(Records from a data source)
■ ■ ■

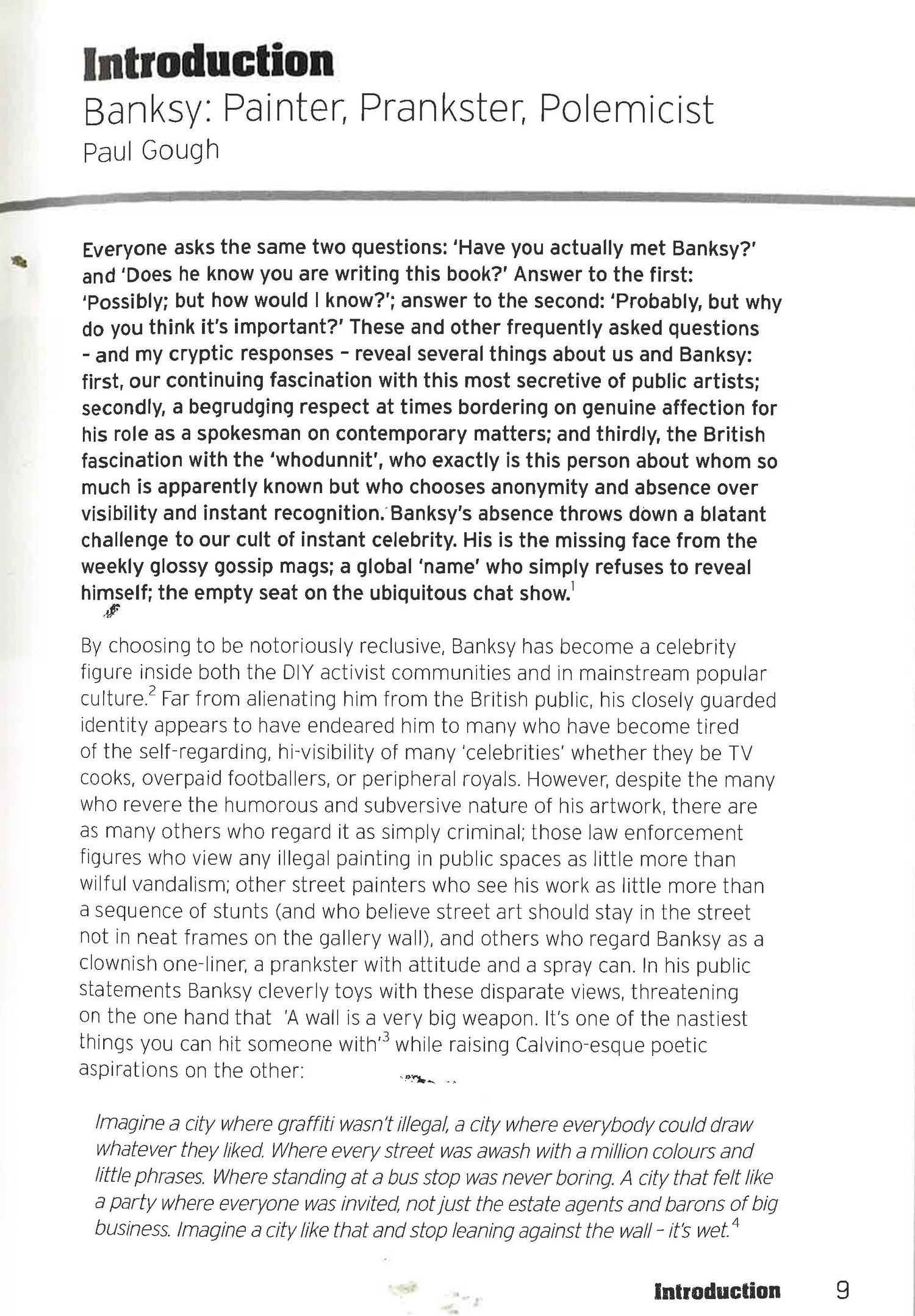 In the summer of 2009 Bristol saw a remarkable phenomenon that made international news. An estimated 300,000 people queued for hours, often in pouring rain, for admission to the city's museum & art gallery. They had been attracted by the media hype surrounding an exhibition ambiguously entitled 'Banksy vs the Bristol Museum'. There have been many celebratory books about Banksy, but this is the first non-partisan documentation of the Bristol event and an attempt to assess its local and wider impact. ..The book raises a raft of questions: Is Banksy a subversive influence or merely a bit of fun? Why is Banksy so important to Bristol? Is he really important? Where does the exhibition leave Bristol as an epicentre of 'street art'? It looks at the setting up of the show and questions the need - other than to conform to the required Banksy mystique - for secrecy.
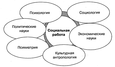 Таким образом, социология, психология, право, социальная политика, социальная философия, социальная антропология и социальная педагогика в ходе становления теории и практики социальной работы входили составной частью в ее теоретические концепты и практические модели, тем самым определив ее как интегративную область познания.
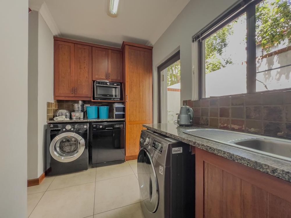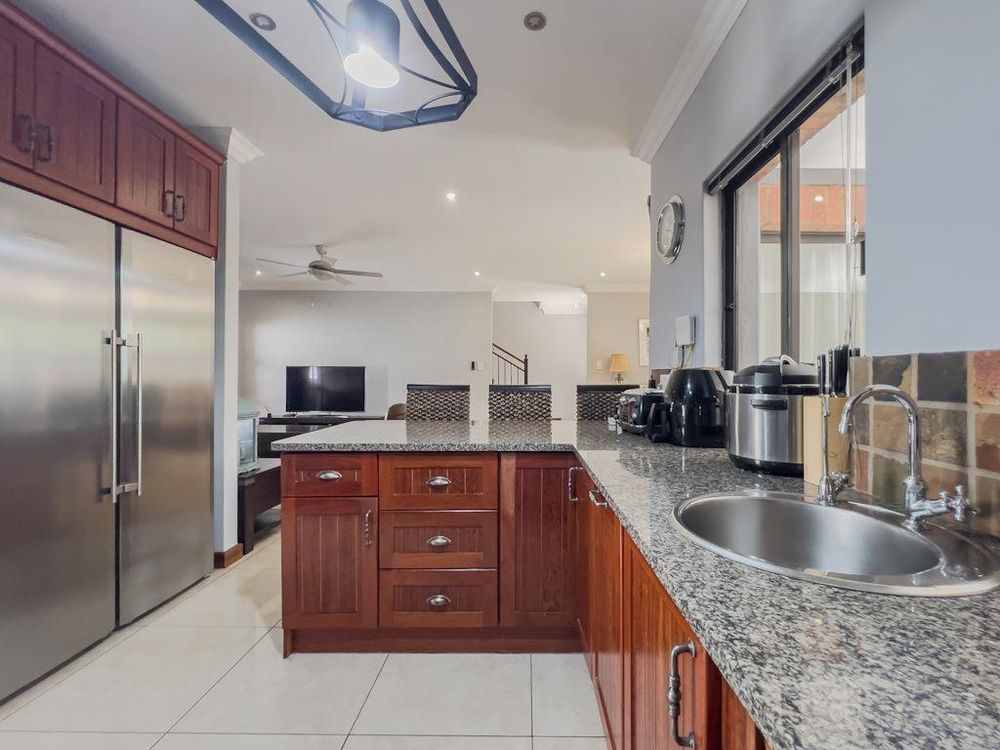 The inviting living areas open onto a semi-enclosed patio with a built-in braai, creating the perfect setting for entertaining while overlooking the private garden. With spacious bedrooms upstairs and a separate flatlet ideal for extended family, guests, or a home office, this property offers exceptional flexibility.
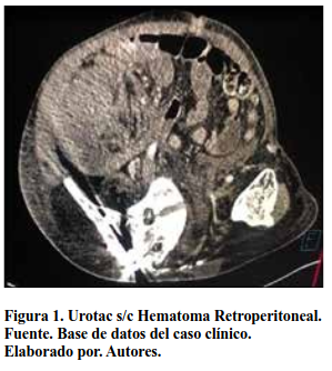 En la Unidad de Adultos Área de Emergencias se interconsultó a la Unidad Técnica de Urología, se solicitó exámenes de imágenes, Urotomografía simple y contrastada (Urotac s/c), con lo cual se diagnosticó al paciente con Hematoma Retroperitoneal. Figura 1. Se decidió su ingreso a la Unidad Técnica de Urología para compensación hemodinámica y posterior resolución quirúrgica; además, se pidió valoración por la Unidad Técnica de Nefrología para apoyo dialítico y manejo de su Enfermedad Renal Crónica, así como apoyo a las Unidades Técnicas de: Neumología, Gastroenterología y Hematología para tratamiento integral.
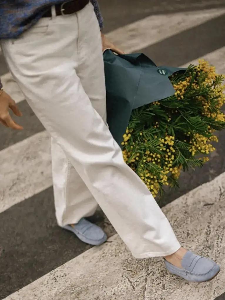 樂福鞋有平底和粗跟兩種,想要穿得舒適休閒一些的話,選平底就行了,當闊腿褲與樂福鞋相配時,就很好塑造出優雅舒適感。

■ ■ ■

Directions
Skip every picture. Repeat word for word the lines from the line holding "The inviting living" through the end of the entries above.

Solution to this task
 The inviting living areas open onto a semi-enclosed patio with a built-in braai, creating the perfect setting for entertaining while overlooking the private garden. With spacious bedrooms upstairs and a separate flatlet ideal for extended family, guests, or a home office, this property offers exceptional flexibility.
 En la Unidad de Adultos Área de Emergencias se interconsultó a la Unidad Técnica de Urología, se solicitó exámenes de imágenes, Urotomografía simple y contrastada (Urotac s/c), con lo cual se diagnosticó al paciente con Hematoma Retroperitoneal. Figura 1. Se decidió su ingreso a la Unidad Técnica de Urología para compensación hemodinámica y posterior resolución quirúrgica; además, se pidió valoración por la Unidad Técnica de Nefrología para apoyo dialítico y manejo de su Enfermedad Renal Crónica, así como apoyo a las Unidades Técnicas de: Neumología, Gastroenterología y Hematología para tratamiento integral.
 樂福鞋有平底和粗跟兩種,想要穿得舒適休閒一些的話,選平底就行了,當闊腿褲與樂福鞋相配時,就很好塑造出優雅舒適感。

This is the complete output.